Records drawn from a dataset
■ ■ ■ ■ ■

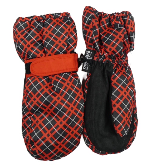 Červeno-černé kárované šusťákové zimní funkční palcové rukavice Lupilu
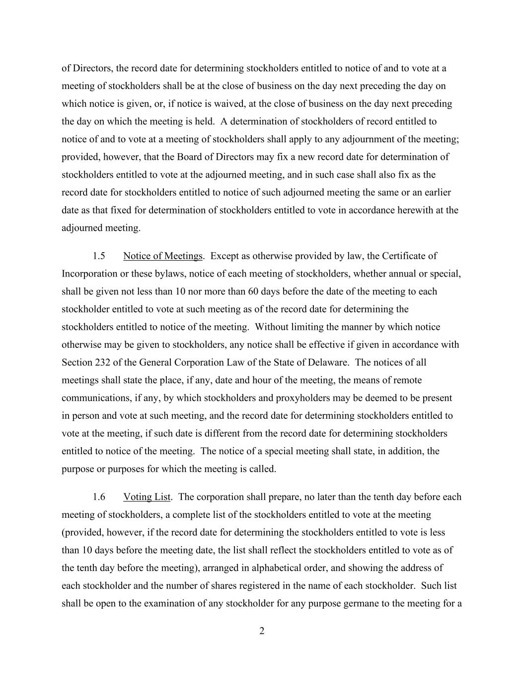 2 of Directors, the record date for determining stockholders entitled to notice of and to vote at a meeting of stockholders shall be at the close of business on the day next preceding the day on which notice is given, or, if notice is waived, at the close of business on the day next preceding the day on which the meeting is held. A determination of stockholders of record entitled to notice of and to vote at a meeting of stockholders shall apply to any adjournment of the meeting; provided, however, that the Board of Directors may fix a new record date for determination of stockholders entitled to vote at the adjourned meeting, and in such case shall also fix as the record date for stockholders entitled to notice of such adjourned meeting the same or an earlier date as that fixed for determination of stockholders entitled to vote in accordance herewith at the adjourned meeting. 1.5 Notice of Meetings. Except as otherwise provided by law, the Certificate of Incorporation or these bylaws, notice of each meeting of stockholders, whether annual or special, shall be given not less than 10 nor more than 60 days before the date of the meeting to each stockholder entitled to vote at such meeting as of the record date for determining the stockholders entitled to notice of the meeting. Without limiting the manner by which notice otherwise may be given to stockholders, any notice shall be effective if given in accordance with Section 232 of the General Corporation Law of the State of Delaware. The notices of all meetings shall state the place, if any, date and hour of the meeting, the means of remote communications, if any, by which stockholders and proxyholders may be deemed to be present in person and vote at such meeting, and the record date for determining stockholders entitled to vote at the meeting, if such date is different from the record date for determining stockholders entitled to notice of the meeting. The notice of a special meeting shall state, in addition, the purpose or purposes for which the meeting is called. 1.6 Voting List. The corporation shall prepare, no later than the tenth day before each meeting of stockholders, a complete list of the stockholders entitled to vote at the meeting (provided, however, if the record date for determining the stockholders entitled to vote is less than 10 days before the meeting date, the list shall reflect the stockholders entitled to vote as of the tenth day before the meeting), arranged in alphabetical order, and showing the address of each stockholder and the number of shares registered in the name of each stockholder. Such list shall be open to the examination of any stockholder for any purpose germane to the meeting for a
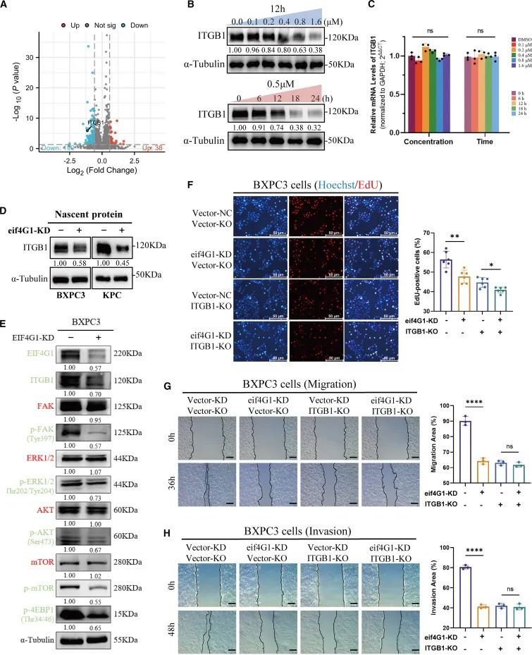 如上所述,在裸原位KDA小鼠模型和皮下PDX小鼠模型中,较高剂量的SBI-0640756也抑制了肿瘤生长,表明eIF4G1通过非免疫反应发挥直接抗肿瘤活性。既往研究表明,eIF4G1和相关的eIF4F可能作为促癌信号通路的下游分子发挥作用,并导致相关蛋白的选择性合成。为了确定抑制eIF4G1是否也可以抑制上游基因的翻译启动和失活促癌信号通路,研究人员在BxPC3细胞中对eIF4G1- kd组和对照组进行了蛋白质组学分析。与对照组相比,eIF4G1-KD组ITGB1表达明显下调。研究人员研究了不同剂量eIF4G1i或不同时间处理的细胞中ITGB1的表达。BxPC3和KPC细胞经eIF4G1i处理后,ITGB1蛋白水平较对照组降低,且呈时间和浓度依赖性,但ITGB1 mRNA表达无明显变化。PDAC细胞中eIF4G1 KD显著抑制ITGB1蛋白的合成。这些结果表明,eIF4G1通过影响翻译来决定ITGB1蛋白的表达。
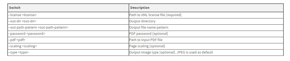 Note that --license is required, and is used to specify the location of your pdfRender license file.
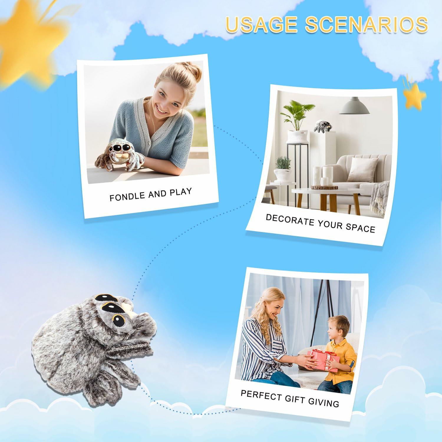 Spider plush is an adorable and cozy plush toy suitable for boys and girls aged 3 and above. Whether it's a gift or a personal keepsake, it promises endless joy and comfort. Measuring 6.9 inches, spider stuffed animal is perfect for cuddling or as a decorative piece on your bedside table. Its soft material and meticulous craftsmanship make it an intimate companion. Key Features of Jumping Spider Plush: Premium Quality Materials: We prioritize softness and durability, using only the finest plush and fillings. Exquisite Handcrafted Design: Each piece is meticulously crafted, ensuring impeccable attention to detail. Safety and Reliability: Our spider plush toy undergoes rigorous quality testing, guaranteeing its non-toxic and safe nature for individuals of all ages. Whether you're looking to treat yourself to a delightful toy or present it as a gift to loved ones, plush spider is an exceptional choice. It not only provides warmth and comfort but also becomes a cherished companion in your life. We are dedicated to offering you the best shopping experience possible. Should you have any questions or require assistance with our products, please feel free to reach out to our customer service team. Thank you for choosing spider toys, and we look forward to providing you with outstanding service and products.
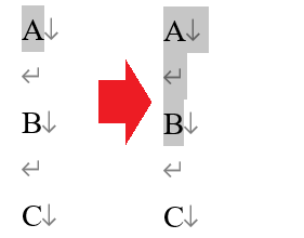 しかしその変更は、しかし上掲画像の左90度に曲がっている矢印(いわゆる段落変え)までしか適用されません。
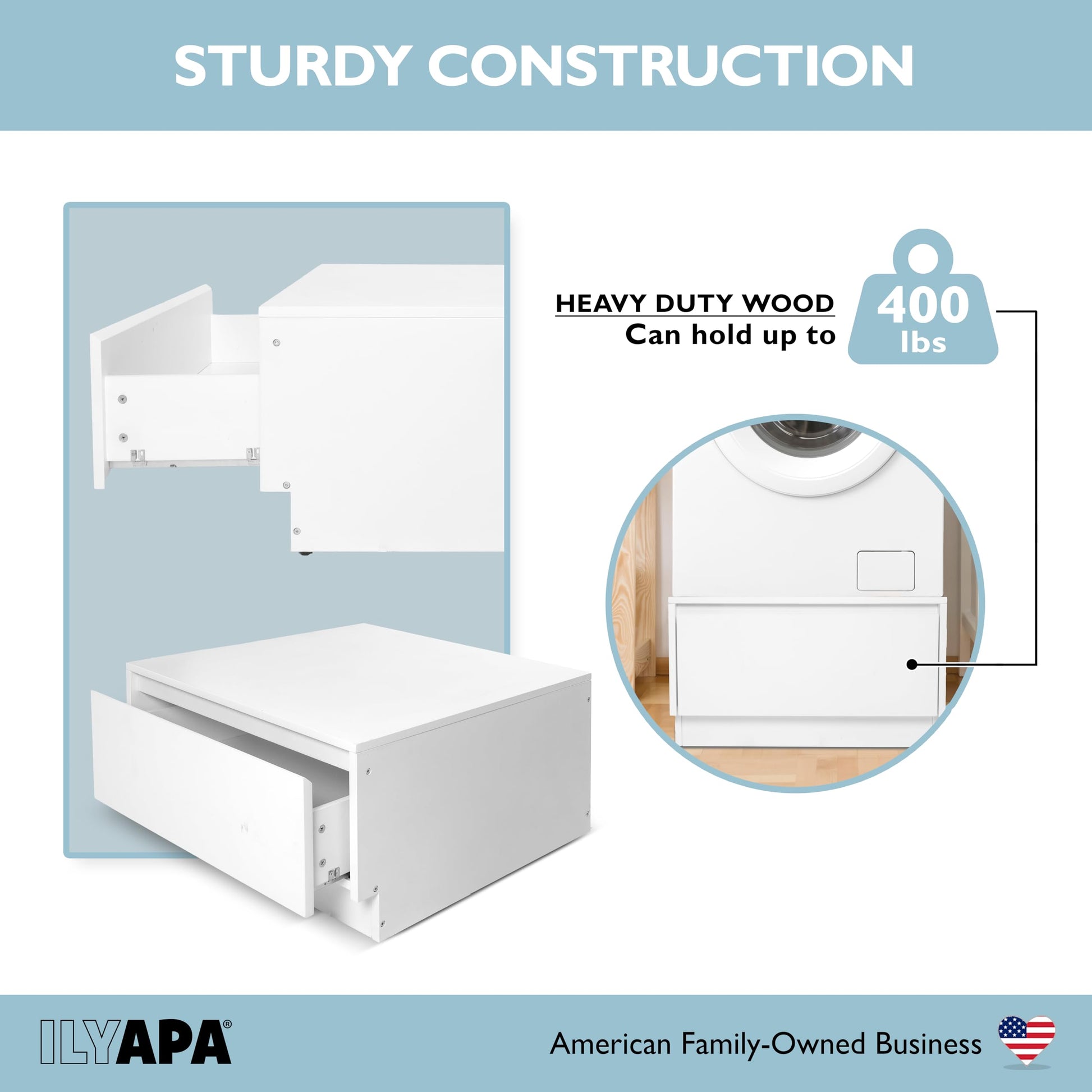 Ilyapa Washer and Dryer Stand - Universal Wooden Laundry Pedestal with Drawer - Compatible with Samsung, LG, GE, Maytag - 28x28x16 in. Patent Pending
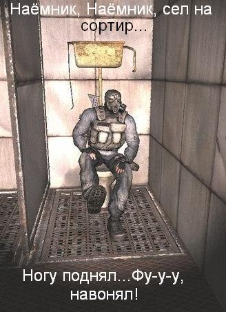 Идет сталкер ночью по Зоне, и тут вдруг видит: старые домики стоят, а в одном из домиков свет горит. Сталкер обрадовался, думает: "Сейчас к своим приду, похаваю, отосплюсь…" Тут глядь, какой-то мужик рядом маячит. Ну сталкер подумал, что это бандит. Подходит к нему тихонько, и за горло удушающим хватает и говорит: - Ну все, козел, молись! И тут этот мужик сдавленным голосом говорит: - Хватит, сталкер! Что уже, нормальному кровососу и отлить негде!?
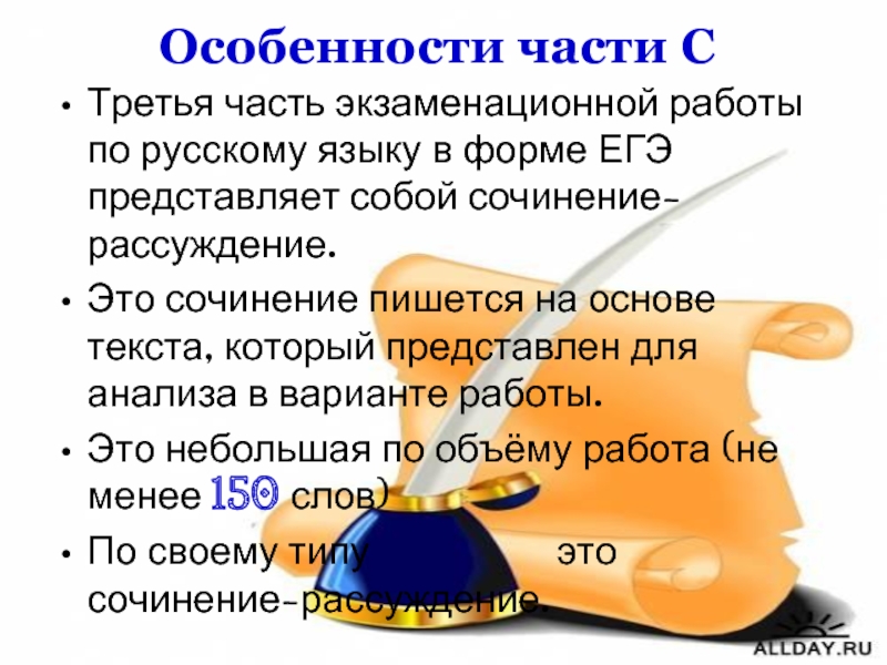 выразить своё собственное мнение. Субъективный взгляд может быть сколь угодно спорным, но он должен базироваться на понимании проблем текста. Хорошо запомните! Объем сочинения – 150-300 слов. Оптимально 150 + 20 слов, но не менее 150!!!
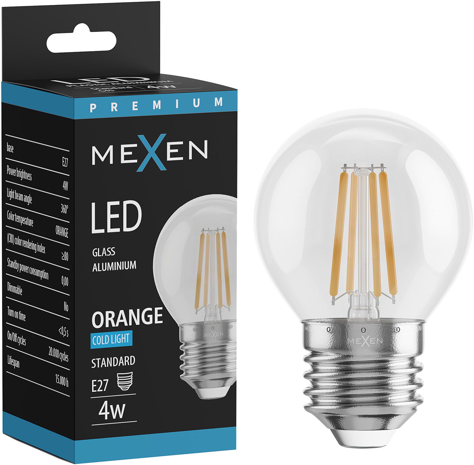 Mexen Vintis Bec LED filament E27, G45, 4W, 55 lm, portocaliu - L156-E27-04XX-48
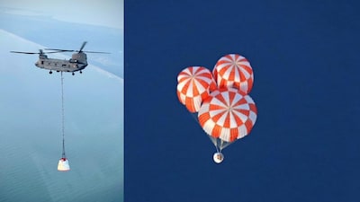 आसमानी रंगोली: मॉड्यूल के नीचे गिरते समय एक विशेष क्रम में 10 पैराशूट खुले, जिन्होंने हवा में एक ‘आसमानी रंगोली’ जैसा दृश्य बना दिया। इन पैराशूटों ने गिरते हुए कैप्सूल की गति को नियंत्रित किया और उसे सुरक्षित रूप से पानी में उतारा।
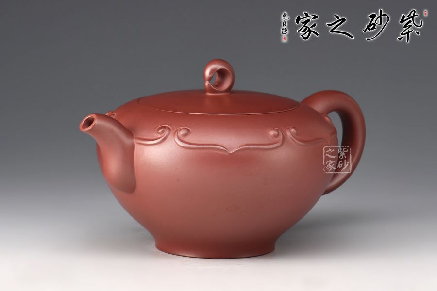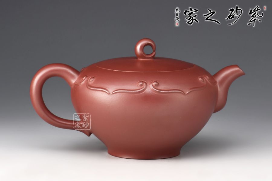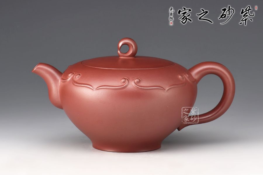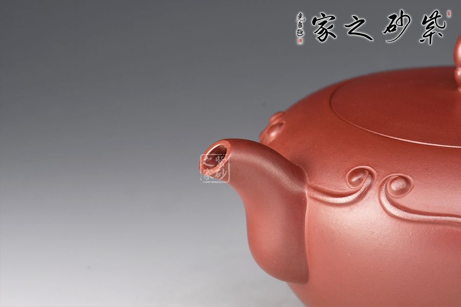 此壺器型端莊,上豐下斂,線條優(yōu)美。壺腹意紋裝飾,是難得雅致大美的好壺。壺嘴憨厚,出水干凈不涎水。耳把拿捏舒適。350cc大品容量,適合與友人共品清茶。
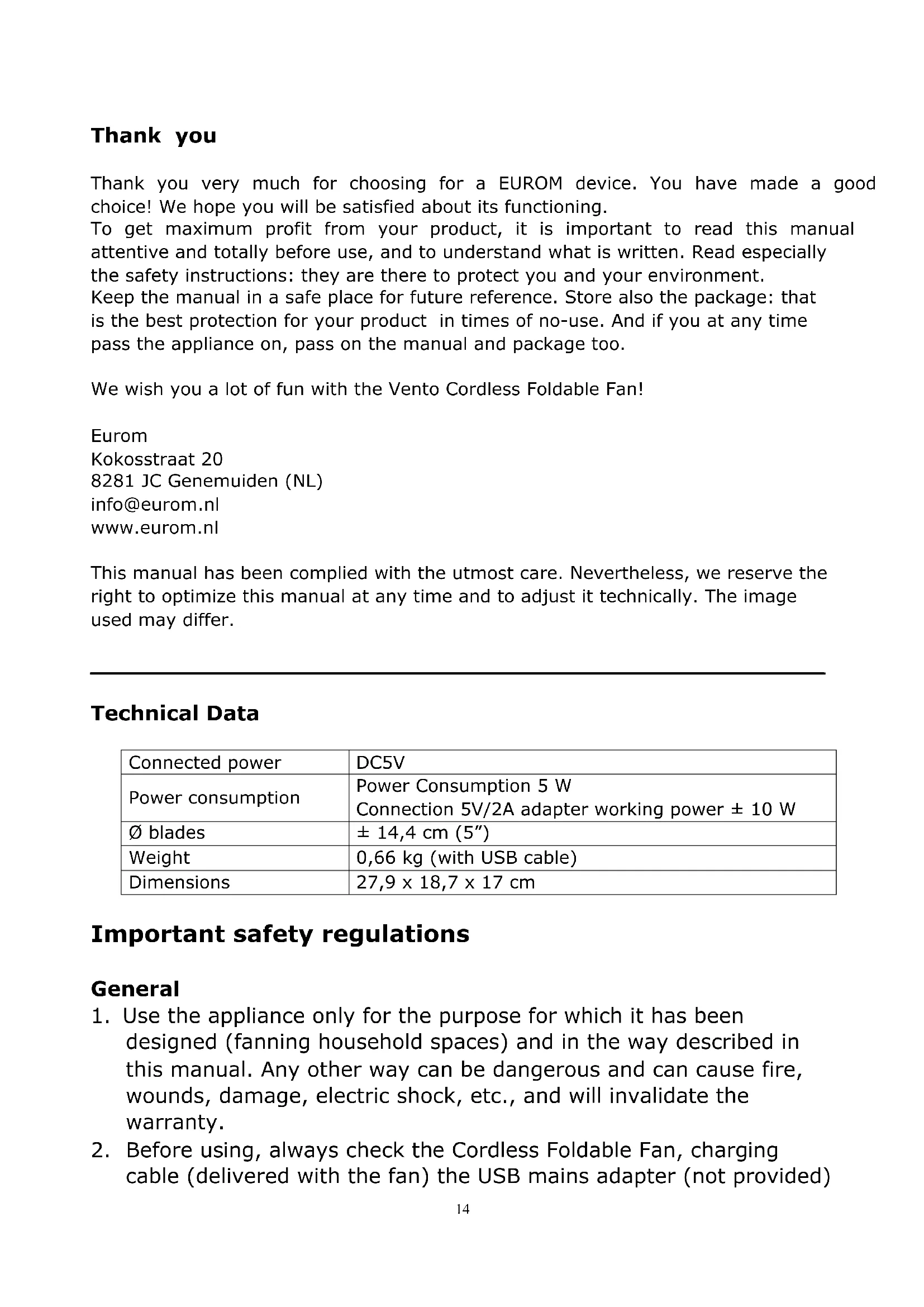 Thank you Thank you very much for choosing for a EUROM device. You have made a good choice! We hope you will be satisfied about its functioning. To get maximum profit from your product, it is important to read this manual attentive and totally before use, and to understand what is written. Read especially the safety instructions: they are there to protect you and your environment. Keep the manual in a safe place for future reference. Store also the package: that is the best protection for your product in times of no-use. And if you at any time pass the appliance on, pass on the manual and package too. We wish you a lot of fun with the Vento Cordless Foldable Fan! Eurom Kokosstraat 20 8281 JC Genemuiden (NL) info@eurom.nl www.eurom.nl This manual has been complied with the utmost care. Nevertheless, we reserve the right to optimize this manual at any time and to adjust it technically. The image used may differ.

■ ■ ■ ■ ■

For the entries above, print exactly the lines between the one with "Идет сталкер ночью" and the one with "此壺器型端莊,上豐下斂,線條", inclusive, with no pictures.

• _Your solution_:
 Идет сталкер ночью по Зоне, и тут вдруг видит: старые домики стоят, а в одном из домиков свет горит. Сталкер обрадовался, думает: "Сейчас к своим приду, похаваю, отосплюсь…" Тут глядь, какой-то мужик рядом маячит. Ну сталкер подумал, что это бандит. Подходит к нему тихонько, и за горло удушающим хватает и говорит: - Ну все, козел, молись! И тут этот мужик сдавленным голосом говорит: - Хватит, сталкер! Что уже, нормальному кровососу и отлить негде!?
 выразить своё собственное мнение. Субъективный взгляд может быть сколь угодно спорным, но он должен базироваться на понимании проблем текста. Хорошо запомните! Объем сочинения – 150-300 слов. Оптимально 150 + 20 слов, но не менее 150!!!
 Mexen Vintis Bec LED filament E27, G45, 4W, 55 lm, portocaliu - L156-E27-04XX-48
 आसमानी रंगोली: मॉड्यूल के नीचे गिरते समय एक विशेष क्रम में 10 पैराशूट खुले, जिन्होंने हवा में एक ‘आसमानी रंगोली’ जैसा दृश्य बना दिया। इन पैराशूटों ने गिरते हुए कैप्सूल की गति को नियंत्रित किया और उसे सुरक्षित रूप से पानी में उतारा।
 此壺器型端莊,上豐下斂,線條優(yōu)美。壺腹意紋裝飾,是難得雅致大美的好壺。壺嘴憨厚,出水干凈不涎水。耳把拿捏舒適。350cc大品容量,適合與友人共品清茶。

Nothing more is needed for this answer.